Ik loop weg van de zee en ga in de relatieve beschutting van het achterliggend duin zitten. De duisternis went, en in de verte zie ik lichtjes van boortorens, een coaster die langzaam voorbij vaart. Het zand is koud en vochtig. Met mijn handen graaf ik er in. Het is opmerkelijk hoe ontspannend het strand voor de geest is. Het getol in mijn hoofd komt langzaam tot stilstand. Een meeuw maakt een niet begrijpende duikvlucht naar mijn stek. Het strand is 's nachts niet van de mensen. 's Nachts is het strand van de vogels, van de zee en van de wind die, als je goed luistert steeds weer een andere toon fluit.

"Machteld is dood."

Machteld? Hier op dit strand ben ik alleen. Ik, het middelpunt der aarde. De coaster vaart langs mij, de meeuwen vliegen boven mij en de wind waait alleen op mijn strand, het is nacht op de hele wereld.

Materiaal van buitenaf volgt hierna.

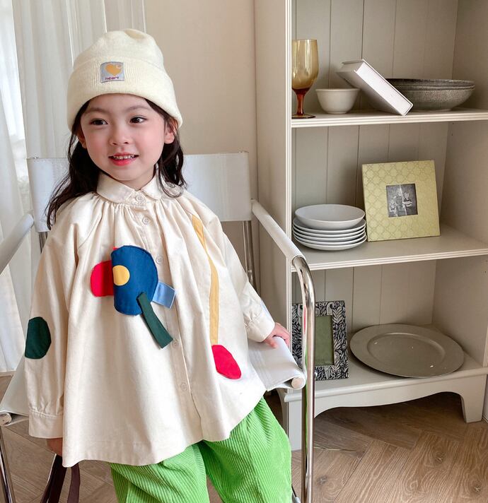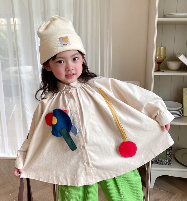 シャツ キッズ 長袖 ドルマンスリーブ 子供 Aライン 春 秋 レトロ パッチワーク カジュアル 立体 フレア ゆったりめ 韓国 韓国子供服 女の子 女児 人気 おすすめ かわいい 可愛い おしゃれ オシャレ プレゼント 贈り物 ギフト 誕生日 バースデー お出かけ 旅行 90 100 110 120 130 140 2歳 3歳 4歳 5歳 6歳 7歳 8歳 9歳 10歳 11歳
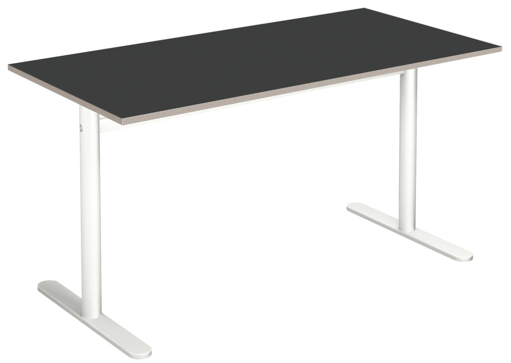 Bordplade i højtrykslaminat. T-understel lakeret i sort RAL 9005.

Ik sta op en merk dat mijn broek nat is geworden. Ik sla het zand er van af en vervolg mijn weg naar het noorden, naar de antwoorden, of misschien wel naar de juiste vragen. De wind blaast onverminderd in mijn gezicht. Ook mijn schoenen en voeten worden nat en koud, had ik maar laarzen aan, rode laarzen.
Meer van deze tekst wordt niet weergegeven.